Study Design and Treatment Regimen

  • Five clinical trials (one randomized, double-blind, controlled trial and four open-label trials) were conducted involving 71 pediatric patients. Data from these trials were combined to assess safety and efficacy.
  • Inclusion criteria: extremely short stature, slow growth rates, low IGF-1 serum concentrations, and normal growth secretions.
  • Patients were administered doses ranging from 0.06 mg/kg bid to 0.12 mg/kg bid for up to eight years.

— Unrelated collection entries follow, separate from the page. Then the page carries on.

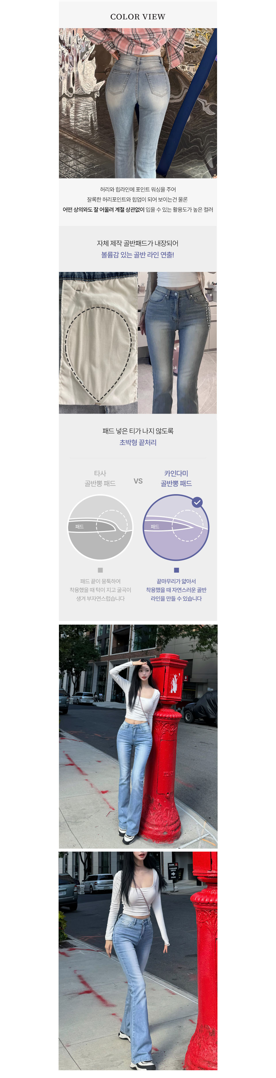 골반볼륨업 중진청 절개 와이드 부츠컷_골반뽕 청바지
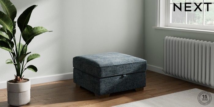 7.2.10 Stamford Buttoned Back Storage Footstool Chunky Chenille Dark Navy Blue Square Angle - Mid | Made Click here to use our website with more accessibility support, for example screen readers
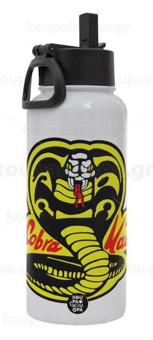 Cobra Kai Yellow, Metal mug thermo White with Straw and Spout Lid (Stainless steel), double wall, 950ml
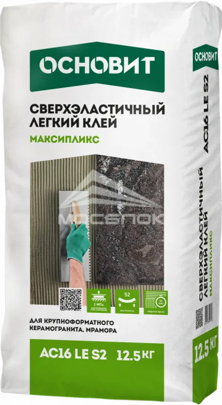 Клей легкий сверхэластичный МАКСИПЛИКС AC16 LE S2, 12,5 кг Основит. Технические характеристики и преимущества:
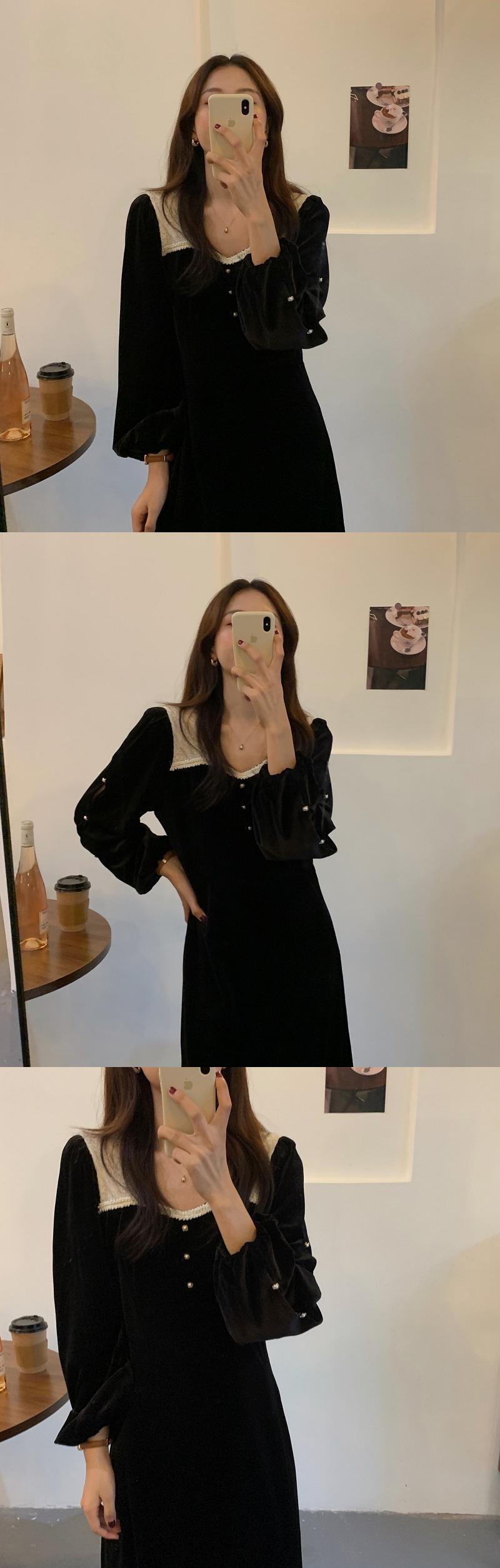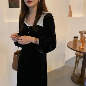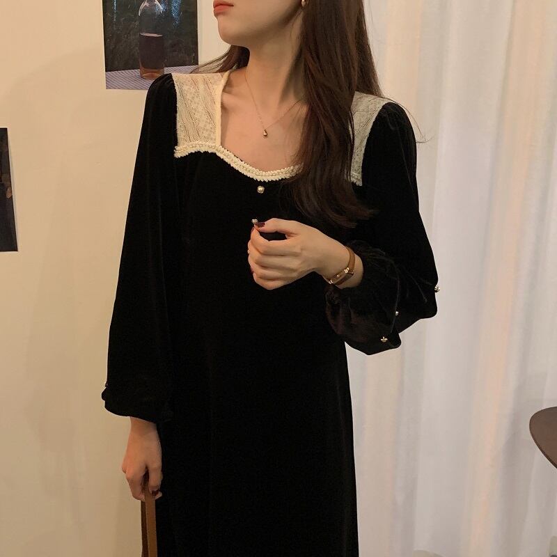 オータムスタイルカラーレースウェストロングベルベットドレス スカート レディース 秋物 スクウェア 韓国婦人68030367202
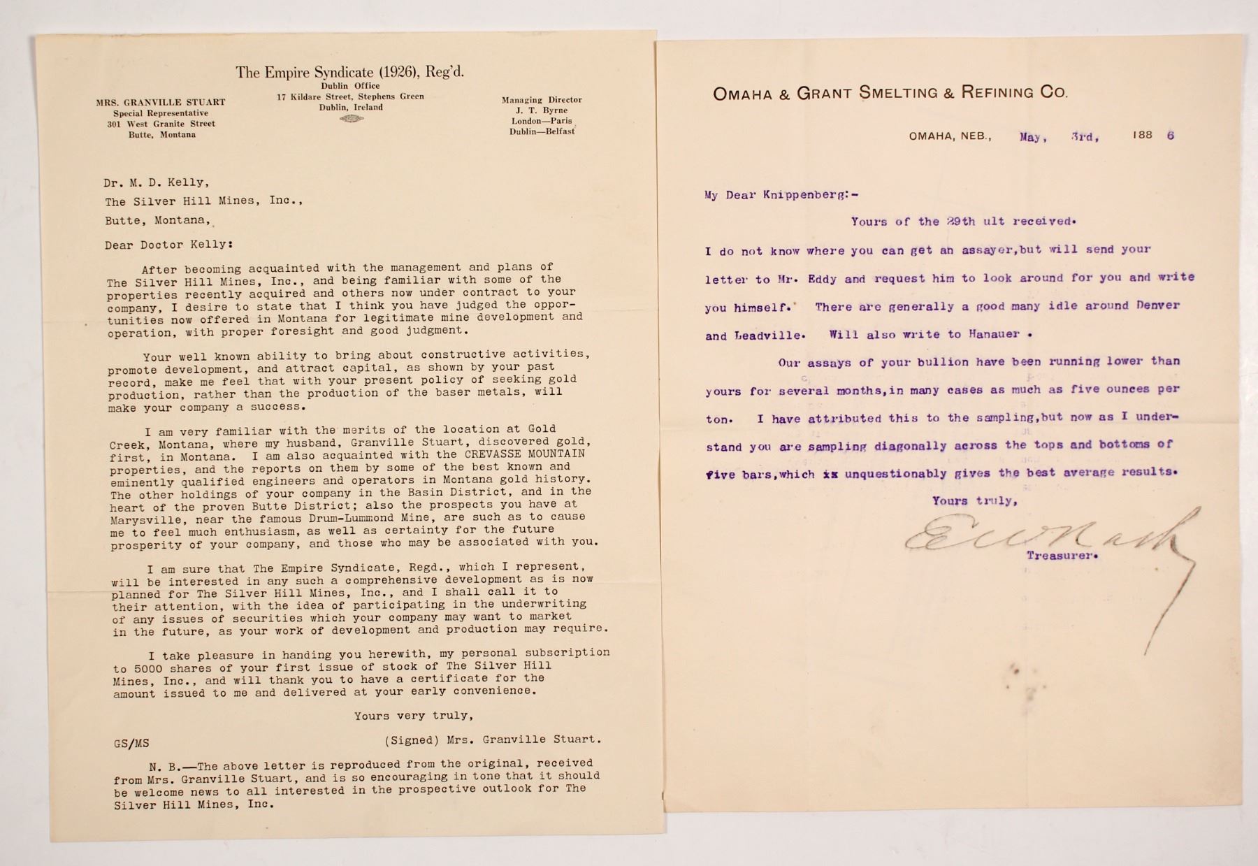 Lot of two. 1) 1886 letter from Omaha & Grant Smelting & Refining Co. to Henry Knippenberg, who was the general manager of the Hecla Mining Co. in Glendale, Montana. The letter is about assaying: "I do not know where you can get an assayer...There are generally a good many idle around Denver and Leadville." "Our assays of your bullion have been running lower than yours for several months, in many cases as much as five ounces per ton. I have attributed this to sampling..." 2) Interesting reproduction letter from Mrs. Granville Stuart that serves as a promotional piece for the Silver Hills Mine company in Butte. Granville Stuart, known as "Mr. Montana," was a pioneer, gold prospector, businessman, civic leader, vigilante, author, cattleman and diplomat who played an important ole in the early history of Montana Territory and the state of Montana.
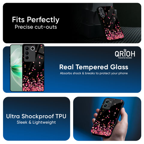 Heart Rain Fall Glass Case For Vivo X200 Pro 5G
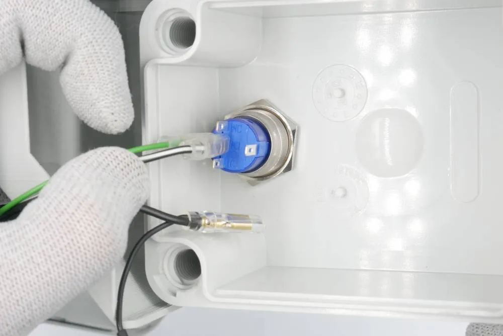 Here's a photo showing cable connections for the other button type commonly used in our rover:
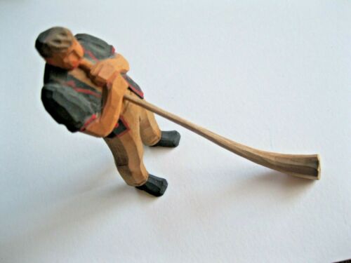Title (ebay affiliate link): Vintage Hand Carved Wood Swiss Folk Art Man Shepherd Alpine Alphorn With Horn
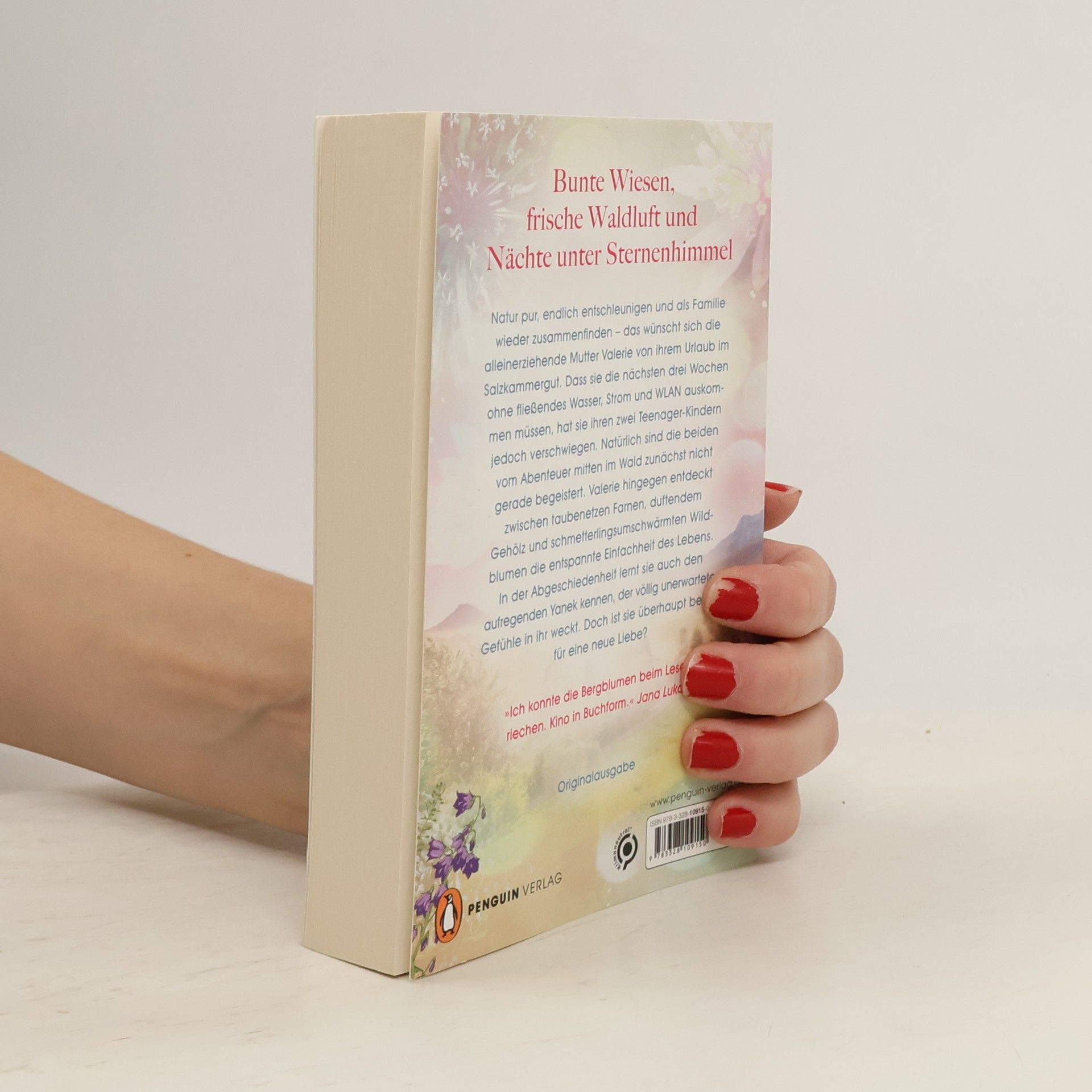 Bunte Wiesen, frische Waldluft und Nächte unter Sternenhimmel - ein sommerlicher Liebesroman voller Urlaubsflair Natur pur, endlich entschleunigen und als Familie wieder zusammenfinden – das wünscht sich die alleinerziehende Mutter Valerie von ihrem Urlaub im Salzkammergut. Dass sie die nächsten drei Wochen ohne fließendes Wasser, Strom und WLAN auskommen müssen, hat sie ihren zwei Teenager-Kindern jedoch verschwiegen. Natürlich sind die beiden vom Abenteuer mitten im Wald zunächst nicht gerade begeistert. Valerie hingegen entdeckt inmitten von taubenetzen Farnen, duftendem Gehölz und schmetterlingsumschwärmten Wildblumen die entspannte Einfachheit des Lebens. In der Abgeschiedenheit lernt sie auch den aufregenden Yanek kennen, der völlig unerwartete Gefühle in ihr weckt. Doch ist sie überhaupt bereit für eine neue Liebe?
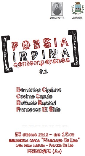 Breve presentazione dei poeti coinvolti - Domenico Cipriano. Nato nel 1970 a Guardia Lombardi. Nel 2000 ha pubblicato la raccolta di poesie Il continente perso (premio Camaiore proposta lo stesso anno) con la prefazione di Plinio Perilli e una nota del musicista jazz Paolo Fresu. Interessato al connubio tra le arti, in particolare al legame tra musica e poesia, ha realizzato nel 2004, con l’attore Enzo Marangelo e i musicisti Enzo Orefice, Piero Leveratto ed Ettore Fioravanti, il CD di jazz e poesia JPband: Le note richiamano versi (Abeatrecords). Collabora con artisti di vario genere e, nel 2010, ha dato vita al progetto Lampioni, per la sua voce e le musiche degli “Elettropercutromba”. Sempre nel 2010 ha pubblicato il poemetto Novembre (edito da Transeuropa), con la prefazione del prof. Antonio La Penna. Il libro, ispirato al sisma del 1980, è stata incluso nella rosa finalista del premio Viareggio-Répaci 2011. È redattore di Sinestesie e ha ideato la rassegna “Le strade della poesia” a Guardia Lombardi. È uno dei curatori della collana di cataloghi foto-poetici Pietre Vive.
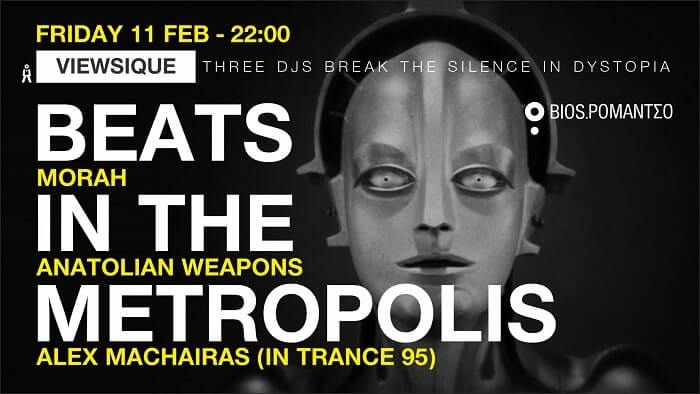 Viewsique: BEATS IN THE METROPOLIS ΠΡΟΒΟΛΗ | DJ set ΡΟΜΑΝΤΣΟ, Αναξαγόρα 3-5, Αθήνα Ημερομηνία: Παρασκευή 11 Φεβρουαρίου, 2022 Ώρα: 22:00 Είσοδος: Δωρεάν THREE DJs BREAK THE SILENCE IN DYSTOPIA Morah, Anatolian Weapons & Alex Machairas play over Fritz Lang's prophecy. MORAH https://soundcloud.com/morah-l ANATOLIAN WEAPONS https://soundcloud.com/anatolianweapons ALEX MACHAIRAS (in trance 95) https://minimalwave.com/artists/artist/in-trance-95/ Metropolis (1927) Σκην.: Fritz Lang Διάρκεια: 2 ώρες 33' Στη φουτουριστική Μητρόπολη, η κοινωνία είναι χωρισμένη ανάμεσα στην εύπορη […]

  • Height velocity was significantly increased in years 1-6 of the study (P < 0.0001 in years 1-3, P < 0.0045 in year 4, P < 0.0015 in year 5, and P < 0.0009 in year 6).
  • No significant increases in height in years 7 and 8.

Cost Comparison

In general, mecasermine is a cheaper option than mecasermin rinfabate, though both drugs cost thousands of dollars annually. Table 2 compares the annual cost of both drugs. These numbers are based on mecasermine's multiuse 40 mg vial and an average wholesale price per vial of $562.50 and mecasermin rinfabate's single-use 36 mg vial and an average wholesale price per vial of $90.

Formulary Recommendation

At this time, neither mecasermin rinfabate nor mecasermine should be placed on formulary. It is unlikely that these agents would be used to any significant extent in the hospital setting. If a case should arise that requires use of one of these agents, evaluate on a case-by-case basis.


  • Iplex™. Package Insert. Glen Allen, VA: Insmed Inc.; 2006.
  • Increlex™. Package Insert. Brisbane, CA: Tercica Inc.; 2005.
  • Tercica Inc. Tercica's increlex pricing provides a significant competitive advantage, June 5, 2006. Available at: www.tercica.com. Accessed Oct. 4, 2006.